Reproduce exactly the span of lines beginning at the one with "When I designed" and ending at the last line of the data below, omitting pictures.

Extracted data entries -
● ● ● ● ● ● ●

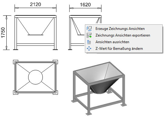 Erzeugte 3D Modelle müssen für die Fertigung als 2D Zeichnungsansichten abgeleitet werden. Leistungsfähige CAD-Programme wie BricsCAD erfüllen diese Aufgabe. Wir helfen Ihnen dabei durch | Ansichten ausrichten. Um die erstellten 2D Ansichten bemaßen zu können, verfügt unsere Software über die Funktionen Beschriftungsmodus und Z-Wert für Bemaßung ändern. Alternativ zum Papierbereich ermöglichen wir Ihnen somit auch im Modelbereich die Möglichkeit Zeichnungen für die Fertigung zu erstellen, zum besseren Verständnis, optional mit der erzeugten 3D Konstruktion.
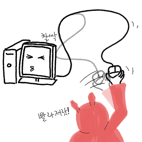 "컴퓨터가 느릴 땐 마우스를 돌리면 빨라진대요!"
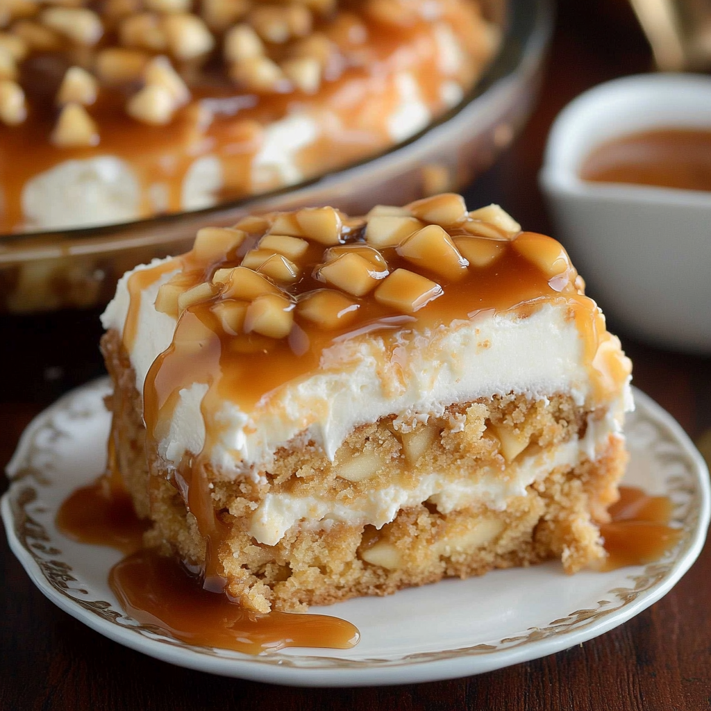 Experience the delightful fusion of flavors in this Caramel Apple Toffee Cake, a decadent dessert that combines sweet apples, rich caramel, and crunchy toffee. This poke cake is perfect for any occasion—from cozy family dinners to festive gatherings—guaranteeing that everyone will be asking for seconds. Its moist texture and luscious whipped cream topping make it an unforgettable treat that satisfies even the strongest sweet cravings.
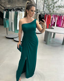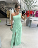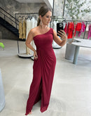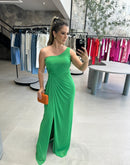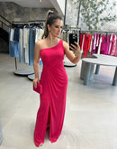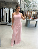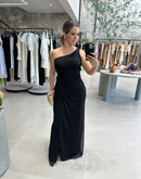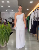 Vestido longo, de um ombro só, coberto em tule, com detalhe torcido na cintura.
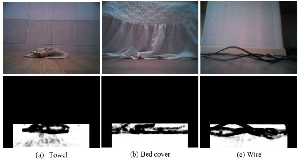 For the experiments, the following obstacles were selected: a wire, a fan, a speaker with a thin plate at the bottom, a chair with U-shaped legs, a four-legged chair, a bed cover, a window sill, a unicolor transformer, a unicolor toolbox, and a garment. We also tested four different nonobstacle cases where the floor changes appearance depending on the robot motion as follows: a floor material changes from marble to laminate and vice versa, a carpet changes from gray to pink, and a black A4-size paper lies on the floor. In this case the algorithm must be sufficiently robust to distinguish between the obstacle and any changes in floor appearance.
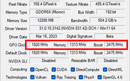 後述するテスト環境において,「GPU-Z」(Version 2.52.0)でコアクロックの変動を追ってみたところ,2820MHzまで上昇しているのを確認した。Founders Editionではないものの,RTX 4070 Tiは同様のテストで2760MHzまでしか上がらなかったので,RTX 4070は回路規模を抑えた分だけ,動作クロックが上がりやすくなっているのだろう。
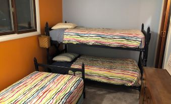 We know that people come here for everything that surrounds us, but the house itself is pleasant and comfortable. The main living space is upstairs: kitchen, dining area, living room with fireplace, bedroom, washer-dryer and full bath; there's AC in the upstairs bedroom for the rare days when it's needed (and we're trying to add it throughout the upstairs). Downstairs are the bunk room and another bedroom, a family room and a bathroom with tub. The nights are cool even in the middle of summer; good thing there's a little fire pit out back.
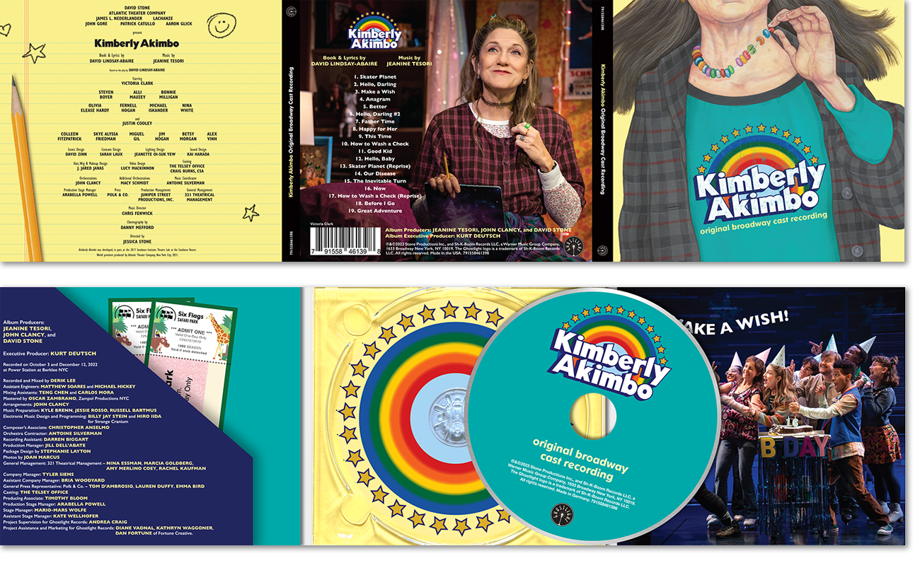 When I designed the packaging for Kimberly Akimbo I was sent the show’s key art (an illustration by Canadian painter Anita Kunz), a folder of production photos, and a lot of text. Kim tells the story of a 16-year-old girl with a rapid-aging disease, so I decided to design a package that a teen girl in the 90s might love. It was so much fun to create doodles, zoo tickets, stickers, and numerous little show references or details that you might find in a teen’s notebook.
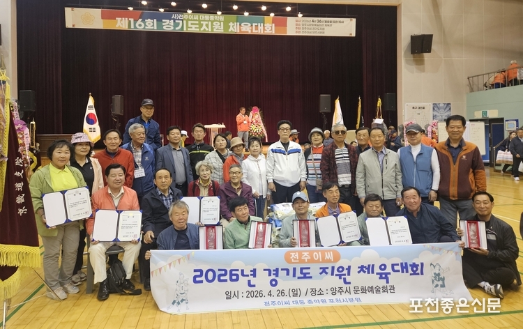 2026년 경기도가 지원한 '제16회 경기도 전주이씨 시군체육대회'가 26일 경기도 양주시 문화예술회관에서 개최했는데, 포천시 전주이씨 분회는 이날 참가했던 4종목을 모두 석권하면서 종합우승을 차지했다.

● ● ● ● ● ● ●

Finished task -
 When I designed the packaging for Kimberly Akimbo I was sent the show’s key art (an illustration by Canadian painter Anita Kunz), a folder of production photos, and a lot of text. Kim tells the story of a 16-year-old girl with a rapid-aging disease, so I decided to design a package that a teen girl in the 90s might love. It was so much fun to create doodles, zoo tickets, stickers, and numerous little show references or details that you might find in a teen’s notebook.
 2026년 경기도가 지원한 '제16회 경기도 전주이씨 시군체육대회'가 26일 경기도 양주시 문화예술회관에서 개최했는데, 포천시 전주이씨 분회는 이날 참가했던 4종목을 모두 석권하면서 종합우승을 차지했다.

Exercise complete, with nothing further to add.